Variety calls Terry "[among] the most prolific and widely admired instrumentalists in jazz, Terry led or co-led more than 80 recording dates and played on more than 900 sessions by the time of his last session in 2004.
"Also proficient on flugelhorn, Terry was best known to the general public as a longtime featured soloist in the house band of NBC's The Tonight Show. In 1960, he became the first African-American staff musician with the network."
Terry "was acclaimed for his impeccable musicianship, loved for his playful spirit and respected for his adaptability.

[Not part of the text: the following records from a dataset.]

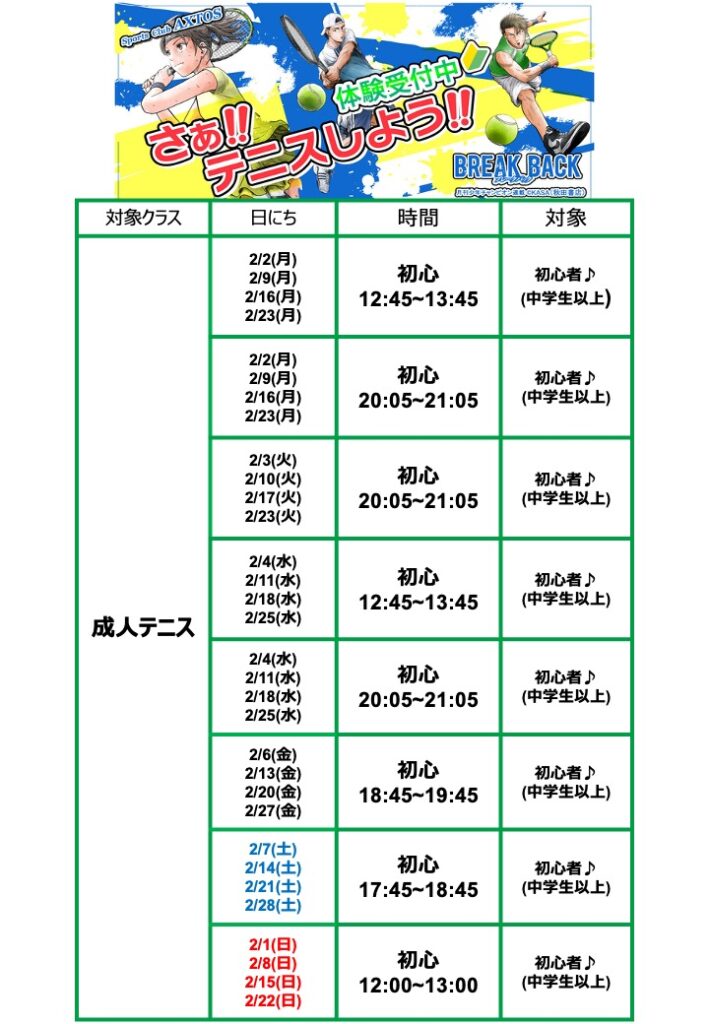 テニススクールの月会費がなんと≪半額≫にっ!!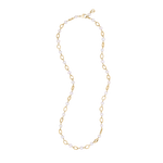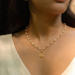 A modern witch’s take on timeless elegance. This charm-ready necklace pairs luminous freshwater pearls with sleek oval links—perfect for layering or adorning with your favorite goddess charms.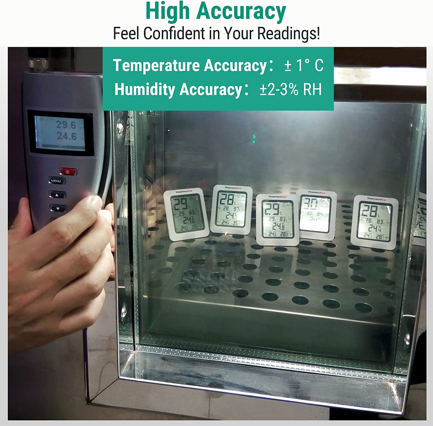 • High Accuracy & Quick Refresh Rate: This inside thermometer features a high accuracy of ±2–3%RH and ±1°F, making it ideal for measuring fluctuating readings like those found in a greenhouse; Data measurements are updated every 10 seconds to give you the latest updates on your environment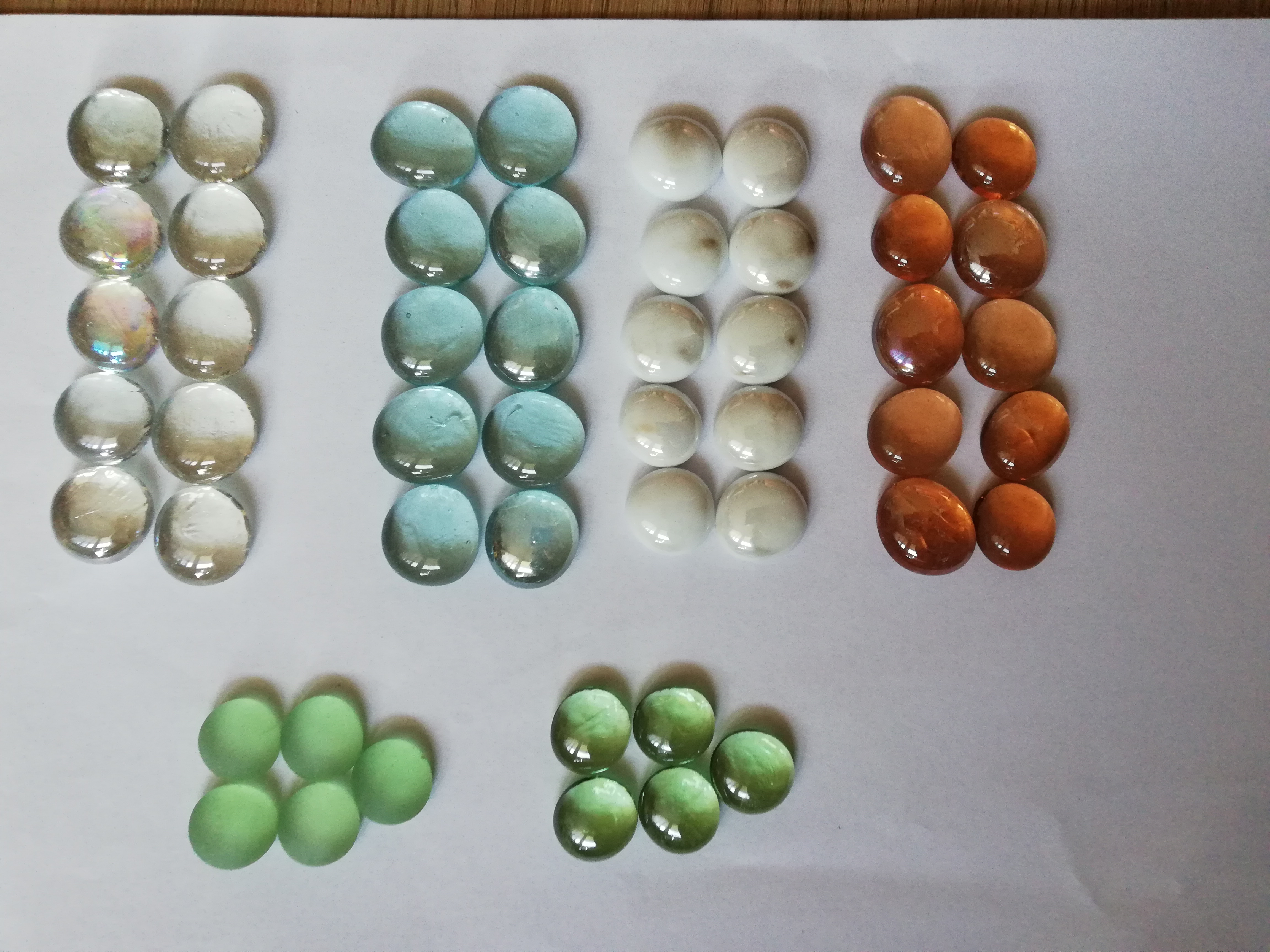 Kamínky mají průměrnou velikost 1,8cm, v jednom balení jich je 50ks

"He was one of the few musicians to have worked with the orchestras of both Duke Ellington and Count Basie. He was for many years a constant presence in New York's recording studios — accompanying singers, sitting in big-band trumpet sections, providing music for radio and television commercials. He recorded with Charles Mingus, Thelonious Monk and other leading jazz artists as well as his own groups."
Terry's official bio says he is "one of the most recorded musicians in the history of jazz, with more than nine-hundred recordings," with such greats as Oscar Peterson, Dizzy Gillespie, Dinah Washington, Ben Webster, Aretha Franklin, Charlie Barnet, Doc Severinsen, Ray Charles, Billy Strayhorn [and] Dexter Gordon.
In 2010, Terry received a Grammy lifetime achievement award.